Os autocratas e seu ódio às universidades

Um dos flancos de ação do governo de Donald Trump é o enfrentamento às universidades. É evidente o esforço de desmantelar as redes de financiamento das instituições de ensino superior como forma de chantageá-las
Alves Ribeiro ingressou na Universidade norte-americana, Harvard em 1853 e ao concluir seus estudos retorna ao Brasil.  (Foto: Research Gate / Reprodução)
Foto: Research Gate / Reprodução Alves Ribeiro ingressou na Universidade norte-americana, Harvard em 1853 e ao concluir seus estudos retorna ao Brasil.

Desde janeiro, temos acompanhado com atenção os principais acontecimentos políticos dos Estados Unidos, seja por seu potencial de impacto na ordem econômica mundial, seja pela chance de aprendizado que esses experimentos oferecem. Uso a palavra experimento porque, assim como defendi na semana passada, acredito que muitas das decisões tomadas por Donald Trump podem ser qualificadas de antiliberais, estressando de forma inédita os limites de tolerabilidade da cultura americana. Por sua excepcionalidade, por sua intensidade, constituem um experimento histórico com potencial de replicação em outros países.

Um dos flancos de ação do governo de Trump é o enfrentamento às universidades. É evidente o esforço de desmantelar as redes de financiamento das instituições de ensino superior como forma de chantageá-las. De acordo com o presidente dos EUA, caso as universidades não permitam uma interferência governamental em suas gestões, os recursos destinados ao financiamento de pesquisas serão congelados, o que ameaçaria a colheita de frutos do trabalho científico de anos.

Se vimos, com um certo assombro, a capitulação da Universidade Columbia, Harvard foi firme na resistência ao assédio governamental. Há poucos dias, foram noticiados dois fatos importantes: uma carta assinada pela autoridade máxima da instituição recusando-se a aceitar os termos estabelecidos e a decisão da universidade de processar o governo a fim de evitar o congelamento do repasse dos dois bilhões previstos de financiamento.
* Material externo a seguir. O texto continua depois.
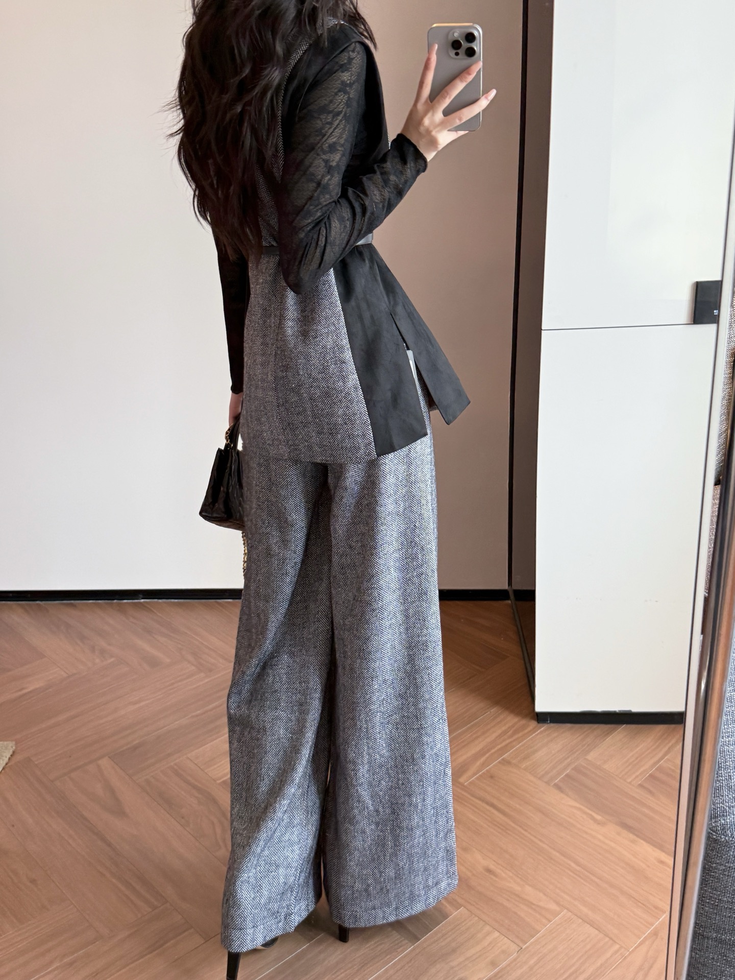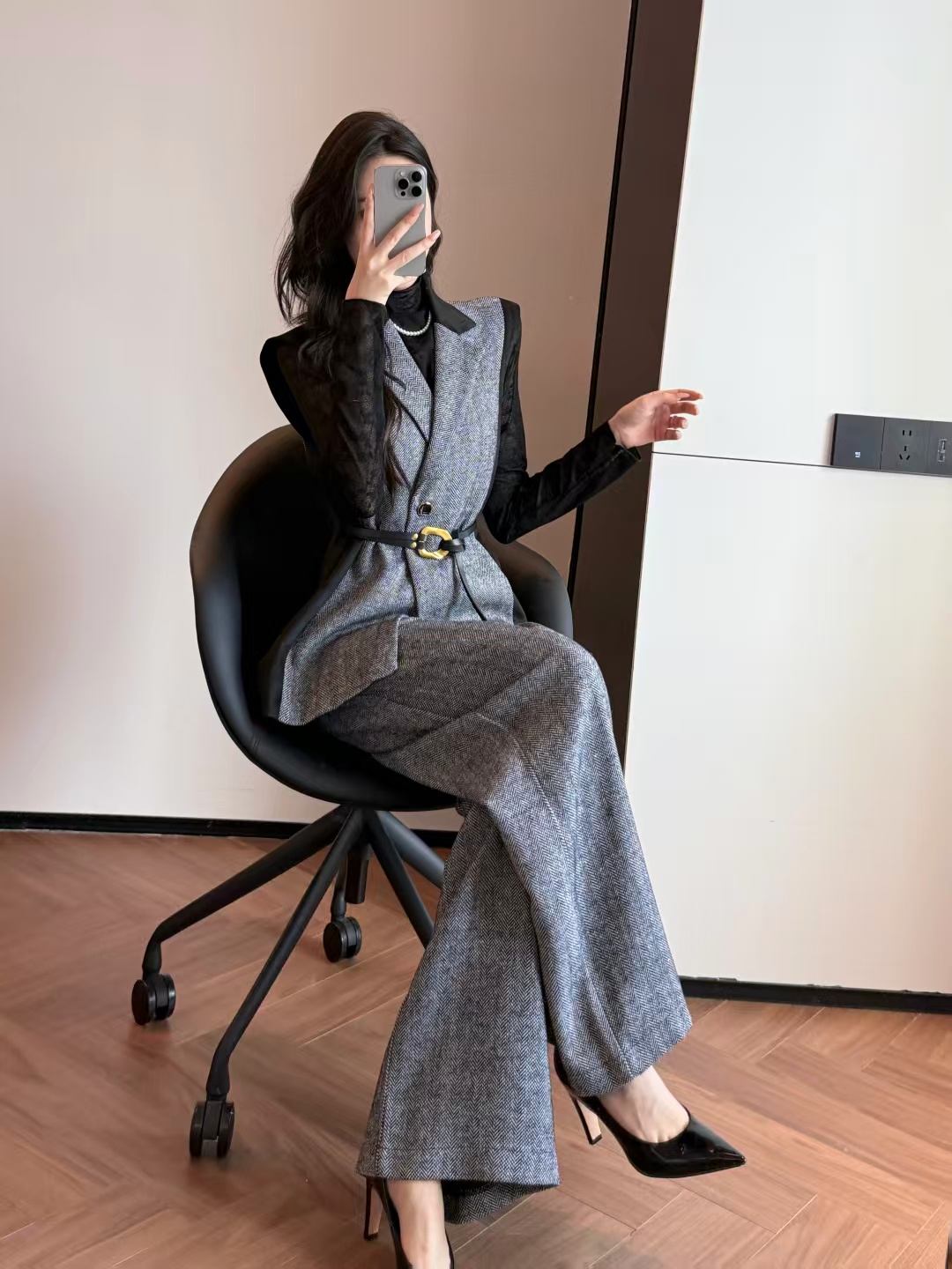 Elevate your wardrobe with this chic wool blend vest and wide-leg pants set. Perfect for office or everyday elegance.

A obsessão com as universidades é muito frequente no padrão de atuação da extrema direita. Vistas como espaços indomesticáveis e estratégicos, tanto pela sua liberdade como pelo seu potencial de influenciar a opinião pública, as escolas de ensino superior são alvos fáceis de discursos de ódio dirigido aos seus intelectuais. Eleitos como inimigos públicos, os professores são apontados como elementos subversivos cuja atuação deve ser rigorosamente vigiada e controlada pelo Estado. A experiência da Alemanha nazista em relação a seus professores é estranhamente similar a alguns acontecimentos do presente, como ilustra o magistral romance Juventude sem Deus, de Ödön von Horváth, de 1938. Uma semelhança que deveria nos deixar alarmados.

É importante ressaltar que a origem das universidades remonta a um período em que a sociedade, cansada do monopólio do conhecimento pela Igreja Católica, resolveu fundar um espaço marcado justamente pela liberdade para o pensamento, a crítica e a investigação. Isso não significa baderna: poucos espaços são tão metódicos e rigorosos quanto os espaços acadêmicos reservados à pesquisa científica. Qualquer estudante de pós-graduação é capaz de atestar o peso desse rigor.
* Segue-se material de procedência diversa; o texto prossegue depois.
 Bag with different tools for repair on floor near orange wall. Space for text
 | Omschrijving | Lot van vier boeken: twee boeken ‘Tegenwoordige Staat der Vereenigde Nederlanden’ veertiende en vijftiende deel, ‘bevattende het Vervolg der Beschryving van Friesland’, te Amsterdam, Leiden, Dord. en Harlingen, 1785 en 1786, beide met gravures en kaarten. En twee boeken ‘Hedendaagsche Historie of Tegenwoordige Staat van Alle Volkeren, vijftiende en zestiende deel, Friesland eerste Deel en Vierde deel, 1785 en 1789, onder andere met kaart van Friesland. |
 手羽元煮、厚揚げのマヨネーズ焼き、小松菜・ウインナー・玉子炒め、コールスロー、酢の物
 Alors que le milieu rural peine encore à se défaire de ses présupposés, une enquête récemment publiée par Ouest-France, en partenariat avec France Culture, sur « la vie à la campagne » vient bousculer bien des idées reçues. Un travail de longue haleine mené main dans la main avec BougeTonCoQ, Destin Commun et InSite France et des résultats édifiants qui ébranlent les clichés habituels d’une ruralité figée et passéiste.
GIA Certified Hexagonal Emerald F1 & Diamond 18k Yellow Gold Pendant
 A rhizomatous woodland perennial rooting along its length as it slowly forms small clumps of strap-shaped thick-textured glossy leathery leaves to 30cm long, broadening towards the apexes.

O que torna essas instituições tão importantes é seu potencial para estimular o exercício da capacidade de pensar e agir com autonomia. Por sua força, as universidades continuarão a ser assediadas por ditadores enquanto eles existirem. Por sua tenacidade, seguirão demonstrando que a negação da liberdade humana é um projeto fadado ao insucesso. Por isso eles passam e caducam, enquanto elas permanecem, senhoras em sua dignidade.